‘Saturday Morning, St. Mary’s Gate, Manchester’
Signed
Oil on Canvas 14” x 10”
William Webb
British 1862-1903
William Webb was born in Manchester in 1862 and was almost entirely a marine artist, a painter in oils of coastal scenes. He was a prolific painter, influenced, like so many aspiring artists of the era, by the great master J M W Turner. Although his work cannot be compared in the same breath with the genius of Turner, Webb developed a style so totally distinctive that he could not be likened to a mere copyist. Many of his pictures show scenes in the Isle of Man, but he also travelled quite widely afield in the British Isles, including Fleetwood in his home county of Lancashire, Guernsey, Whitby, Falmouth, Cornwall, Norfolk, Northumberland and Cardiff.
William Webb sought to break away from the formalised tradition of the 19th century painting, producing atmospheric scenes, by adopting a rather loose technique with soft warm colours and the skilful use of light and shade. A style that was a little ‘avant-garde’ and William Webb struggled during his short life to get the recognition he so rightly deserved.

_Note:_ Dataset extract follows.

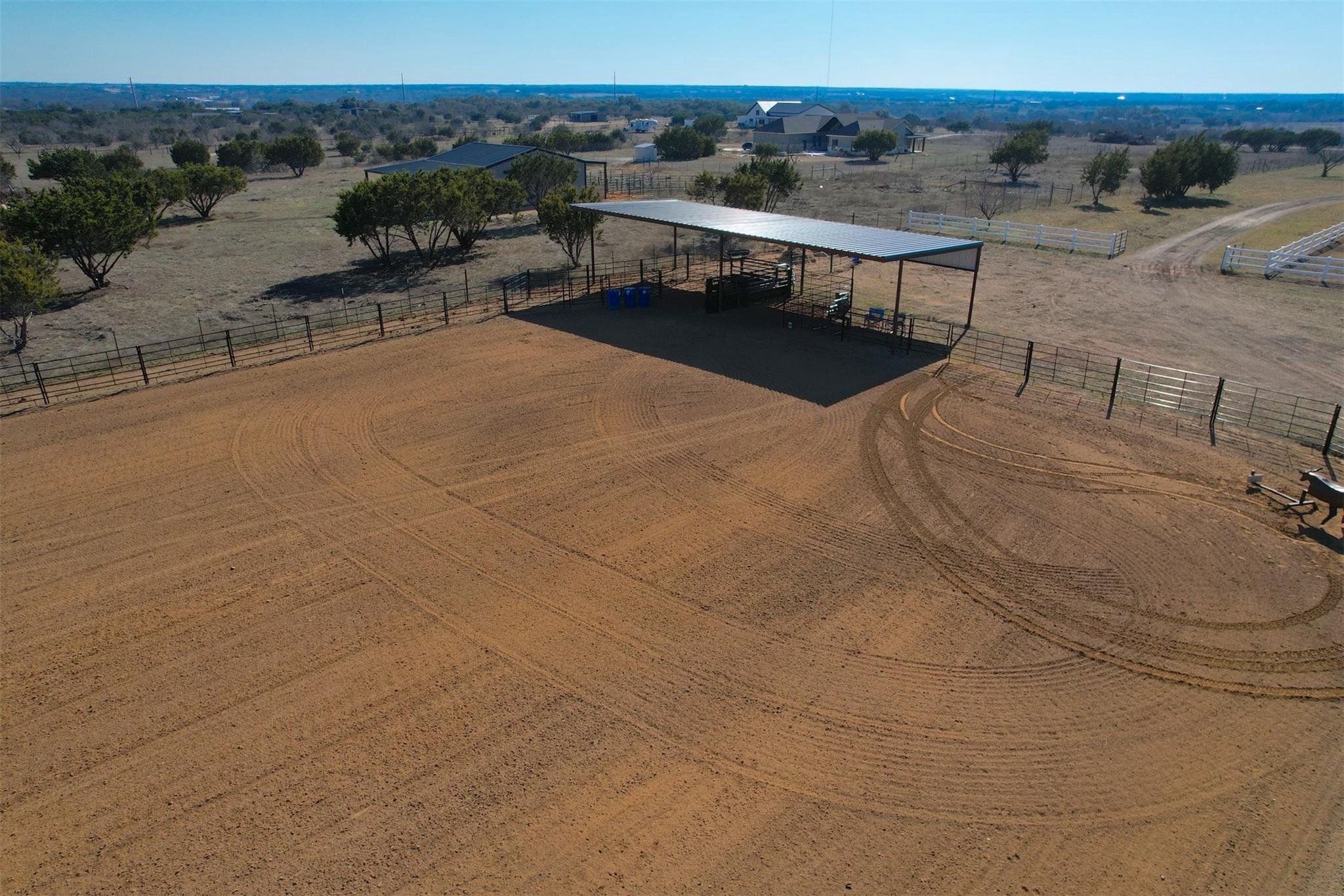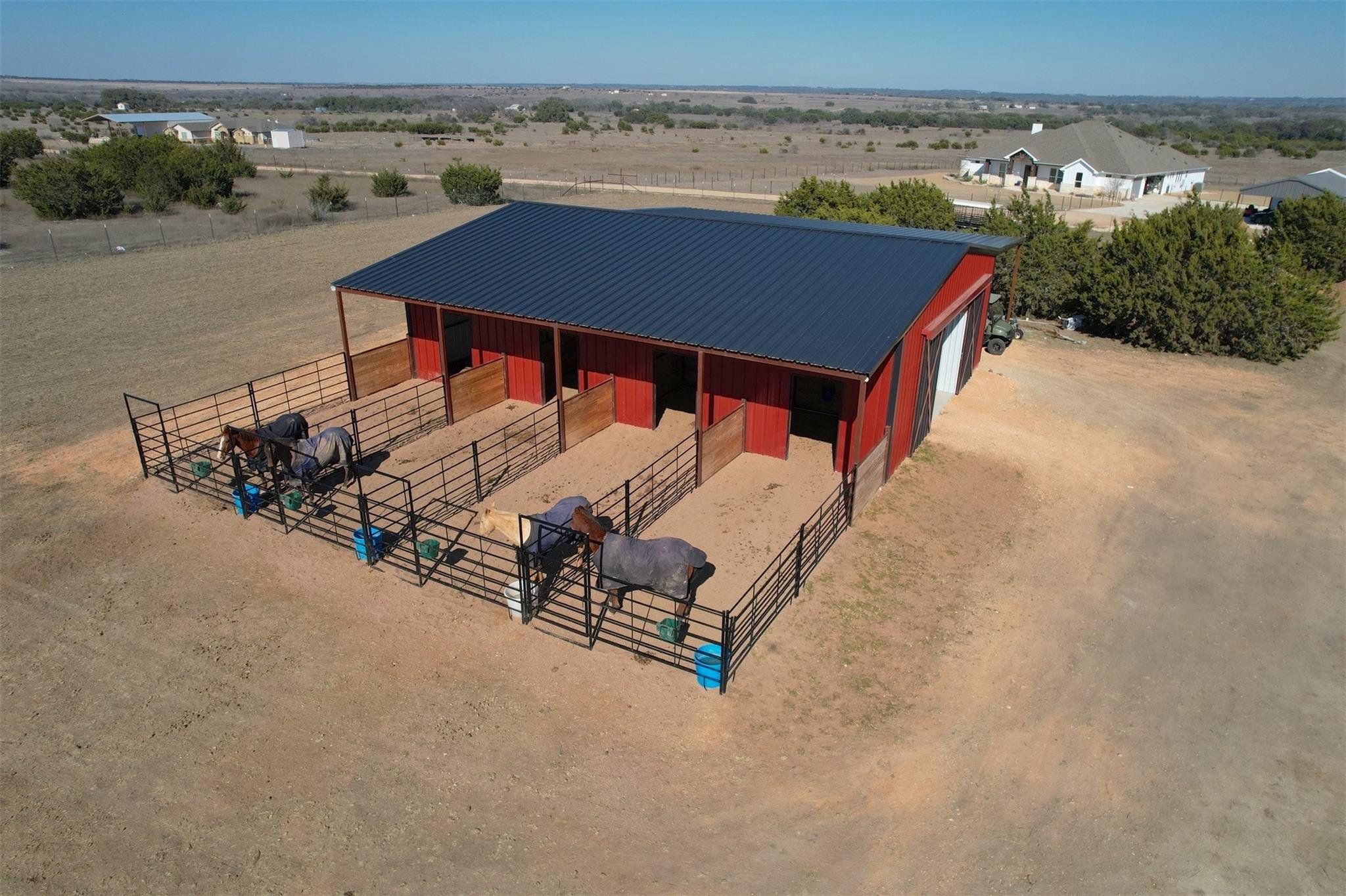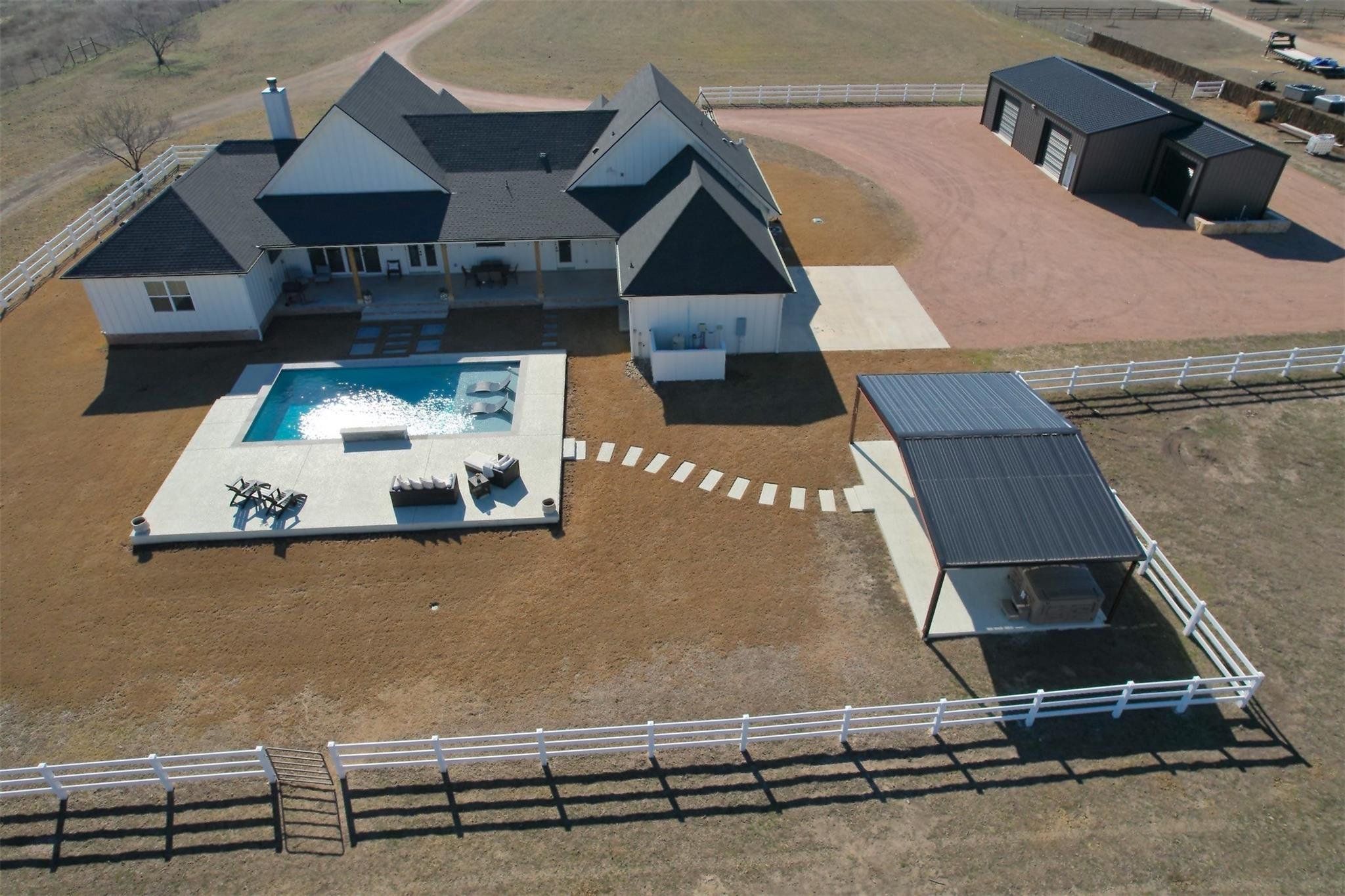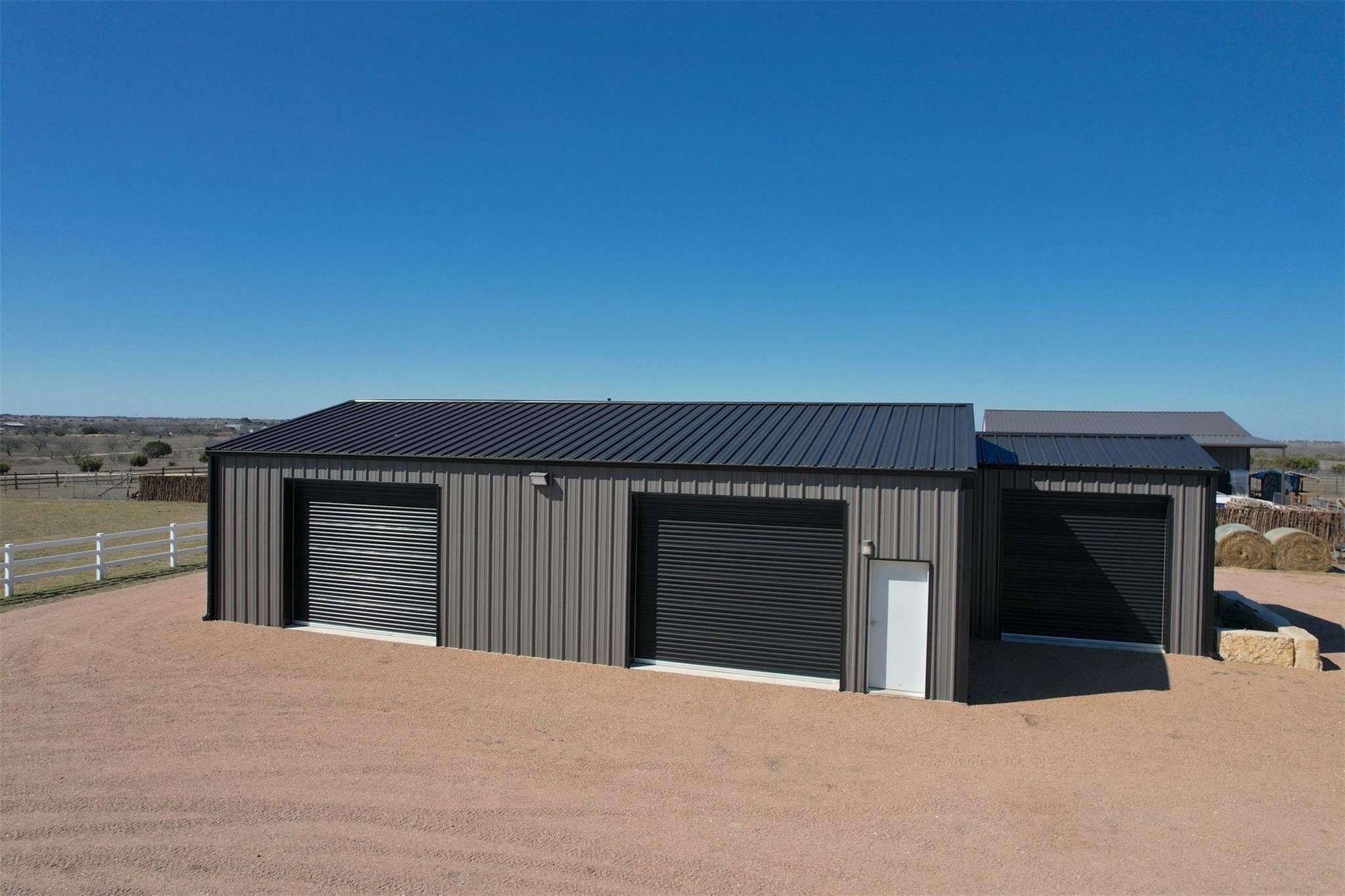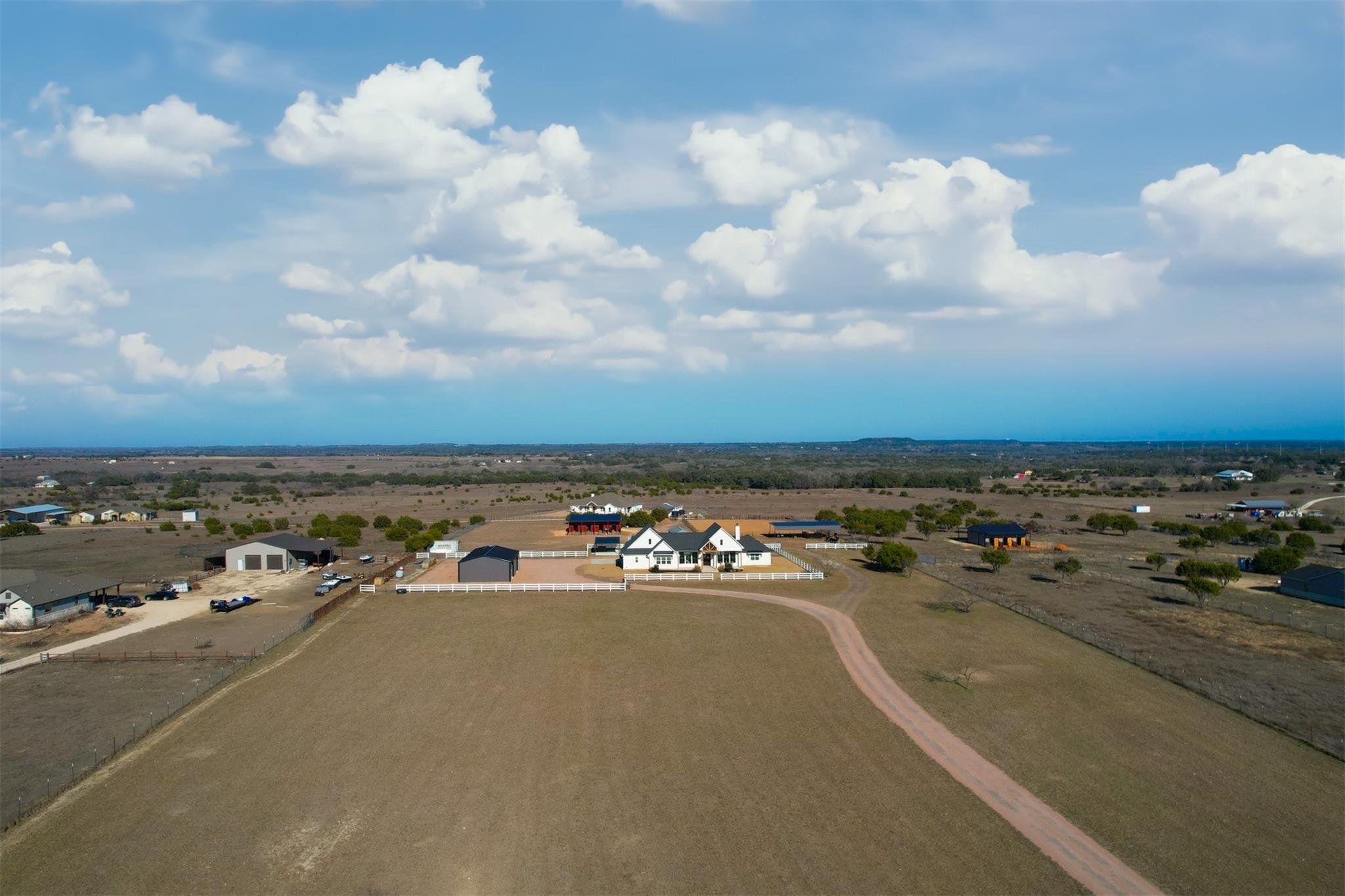 Tucked away on 11 pristine acres in a Liberty Hill, TX gated community, this modern farmhouse is the perfect fusion of luxury, functionality, and rustic charm. With 3,100 square feet of single-story living, this home offers three spacious bedrooms plus a versatile flex/study space, ensuring comfort for both work and relaxation. Every bedroom is a private retreat, complete with its own full bath, while the primary suite elevates the experience with double vanities and separate his-and-hers toilets—a rare and thoughtful touch. The heart of the home is a gourmet kitchen, where sleek quartz countertops and LVP flooring complement the home’s warm, modern aesthetic. Step outside, and the possibilities are endless. A pavilion awaits for outdoor entertaining, overlooking the lush 100% Bermuda grass lawn, sustained effortlessly by a full sprinkler system. For equestrian enthusiasts, the property boasts a 36x48 horse barn with four stalls, complete with lean-tos for trailer parking, a roping arena, and ample open space for grazing. Need more room? The 1,800 sq. ft. shop provides endless potential for hobbies, storage, or a workspace. There's even an in-ground storm shelter too! This is more than a home—it’s a lifestyle. A place where serenity meets sophistication, where wide-open Texas skies frame your everyday views, and where the possibilities stretch as far as your imagination. No HOA! Welcome to 201 Gatlin Ranch Rd—your personal slice of country paradise.

Saturday Morning, St. Mary’s Gate, Manchester is a unique and superb work by William Webb. One of the few paintings by William Webb, not painted of the sea or coast, but a bustling town scene in his beloved home town of Manchester. He would walk every day from his studio in the town, past the antique shop of his great friend, William Marton in Princess Street to his house in Chorlton-on Medlock. William Webb has painted the street packed with Saturday shoppers and their elegant carriages, stretching far into the distance. There is sheer heart and humanity glowing through this picture, so one feels that he truly enjoyed the execution of this painting. It is a great pity that William Webb that he did not paint more of these scenes, as Saturday Morning shows his distinctive style at its’ very best.
Although William Webb exhibited numerous paintings in his native Manchester, and also at the Royal Academy in London, it was a source of great frustration that he did not enjoy the commercial success, he so rightly deserved – an all too familiar story in the history of art. This combined with health troubles and an unhappy domestic life contributed to periods of depression and sadly, during one of these dark times, and as a final act of total despair, William Webb died by his own hand, in his studio in Manchester in 1903.
Poignantly, an admirer of his art asked at the time ’Will fame which was coming tardily and warily, as fame ever comes, hasten now that the genius who courted it, is dead’. A prediction proved correct, as his paintings are now appreciated and collected with enthusiasm both at home and abroad. A special exhibition of his paintings was held in 1974 at The Old Customs House and Old Solent House in Lymington, celebrating the work of this highly gifted and previously under rated artist.